Crisp, light and a great Summer classic, this golden fish with twice cooked chips served with crunchy coleslaw will make you crave another cold beer from the fridge! Recipe by K&S Media
BATTER AND FISH
In a mixing bowl, combine 1 ½ cups (375 ml) all purpose flour, 1 teaspoon (5 ml) baking powder, 1 teaspoon (5 ml) salt, 1 teaspoon (5 ml) ground pepper, 1 cup (250 ml) beer, ½ teaspoon (2.5 ml) paprika. Stir until the mixture is smooth. Let mixture stand for 15-20 minutes.
Cut fish filets into long strips. Dip the fish in the batter, one piece at a time. Meanwhile, heat 3 cups (750 ml) of vegetable oil in a large pot over high heat. Place battered fish in oil and fry until the fish is golden brown. If necessary, increase the heat to maintain the 350 F (175 C) temperature. Drain on paper towels.
Tip: Make the batter ahead of time and allow to rest before coating the fish. Ensure you purchase fresh fish, and leave at room temperature before cooking.
FRIES
Slice 4-5 washed and cleaned potatoes into strips approximately 3-5 inches (7-12 cm) long. Place sliced potatoes in a bowl of cold water.
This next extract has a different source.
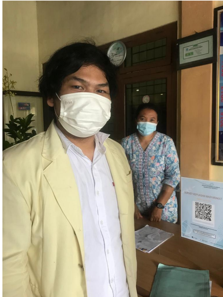
Gambar 1. Dokumentasi dengan Narasumber di Dinas Lingkungan Hidup Kabupaten Sleman

Preheat 3 cups (750 ml) vegetable oil in a large pot to 248 degrees F (120 degrees C). Fry the sliced potatoes in the hot oil until golden brown. Drain on paper towels to soak up excess oil. Fry the potatoes again for 1 to 2 minutes at 350F (175 C).
Tip: Experiment with different styles of beer, from light lagers to hoppy IPA your batter will differ slightly in taste. No beer on hand? Use sparkling water or club soda instead.
COLESLAW
Thinly slice ½ head of cabbage, ½ red onion thinly sliced (optional) and grate 2 medium carrots. Meanwhile whisk together ½ cup (125 ml) vegetable oil, ½ teaspoon (2.5 ml) black pepper, ½ teaspoon (2.5 ml) salt, 1 teaspoon (5 ml) Dijon mustard, 1/8 cup (60 ml) freshly squeezed lemon juice, 1/8 cup (60 ml) apple cider vinegar, ¼ teaspoon (1 ml) smoked paprika. Gently combine coleslaw dressing with cabbage, carrot and onion 10-15 minutes before serving.
Tip: The crunch of the cabbage with a tart, creamy dressing of the coleslaw counters the richness of the fish and chips. Alternatively, go English and serve with mushy peas.
VARY THE FISH
Haddock
A white fish, similar to cod, with a firm flesh and delicate flavour. Commonly sold fresh, or frozen.
Pike Perch
Mild freshwater fish found in Europe and North America.
Hake
Member of the cod family. Sweet, white meat with a medium flake and mild in flavour.